Pero esa espectativa se fue marchitando, se fue Grinspum y la única primavera que quedó que el Plan de Sourrille; al prometedor Juicio le siguieron las instrucciones a los fiscales, la obediencia debida y el punto final, quizás porque la gente se fue de la Plaza a festejar unas pascuas felices que duraron un par de décadas. ¡La casa está en orden otra vez! Festejaron los curas, los energúmenos de la Sociedad Rural, los funcionarios del FMI, mientras varios desempolvaban los falcones verdes para unirse a la caravana. Ah sí… hasta Magneto se animó a decirle “Ustedes ya son un escollo” cuando columnas de hambrientos salían del asedio de la hiperinflación saqueando supermercados. “No pudimos, no supimos o no nos dejaron hacerlo” fue la reflexión final.

Las instituciones democráticas volvían al buen resguardo de los dueños de la patria. La política volvía a ser un apéndice de la economía, un sacerdote del todopoeroso Dios Mercado. ¡Siganme no los voy a defraudar! fue la consigna mentirosa que ilusionó a millones con la revolución productiva y el salariazo. Pero hubo que establecer prioridades: primero a atender la tristeza de los niños ricos, a Videla y sus amigos les tocó el indulto, a Clarín, Canal 13 y las 2/3 partes de las licencias radiotelevisivas, a Macri el Correo… Mientras, espera turno el hambre de los niños pobres. Desde que Calígula nombró Cónsul a Insitatus, nunca ningún Cavallo tuvo tanto poder como en la Argentina de los ’90, tanto que un Peso valía un Dolar y a los científicos se los mandaba a lavar los platos.
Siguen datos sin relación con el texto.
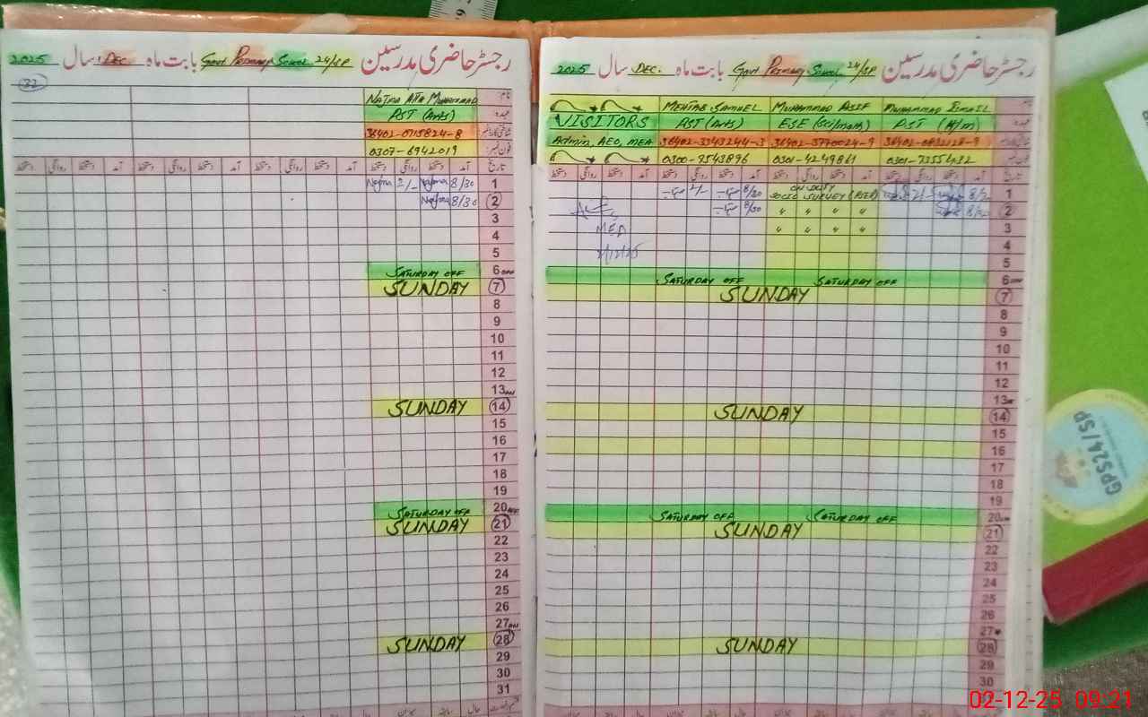 | Attendance Register | Head Teacher | MEA with School | Visit Proof |
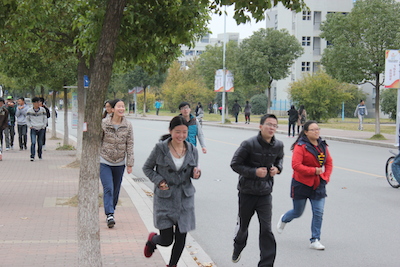 本次活动以“三走——走出宿舍,走下网络,走进操场”为主题,倡导当代大学生追求健康充实的大学生活,共分三个阶段进行。第一阶段“奔跑吧,骚年”活动在11月15日举办,各参赛小组经过“瞪眼比赛”、“踢毽子”、“答题上鼎山”三个环节的精彩比拼角逐出十个小组进入二轮比赛,热情如火的组员们奔跑在生机勃勃的校园,为周末的自拍偷拍 增添了一道亮丽的风景线。

“Nada de lo que deba ser del Estado, permanecerá en manos del Estado” decían los nuevos mandamientos. Y así fueron privatizadas las aerolíneas de los sueños, se impuso peaje a  los caminos hacia la utopía, aumentaron las tarifas de la comunicación, y los únicos ramales que no cerraron fueron aquellos por los que se corría en tren de joda o en tren de especulación, financiera o política, daba lo mismo. Miles de obreros se mudaron de los talleres y refinerías a las rutas, y los restantes argentinos, salían de la resaca de las Felices Pascuas viendo en TV cómo, de modo poco gentil, se los garroteaba para convencerlos de que “la cirugía mayor sin anestesia” los había extirpado de la sociedad de bienestar.
Eran épocas en que ser “progre” era fácil, bastaba con hablar de la mala leche de Vicco, de la venta de armas a Ecuador y Croacia, del retorno que recibió María Julia por la privatización de ENTEL, de la rosca IBM-Banco Nación, del Menemtrucho de Gostagnian o de la Ferrari de Menem. Bastaba “no robar por dos años” para salvar el país. Con tanta letra que daba la corrupción, para que hablar del poder de las corporaciones económicas, de la extranjerización de la especulación financiera, del exponencial aumento de la deuda externa, del empobrecimiento generalizado, del desmantelamiento del aparato productivo, de las relaciones carnales o del sistema neoliberal en sí que no es otra cosa que la puta madre que los parió a todos los otros. La “Segunda Década Infame” fue tan infame que duró 10 años y seis meses. 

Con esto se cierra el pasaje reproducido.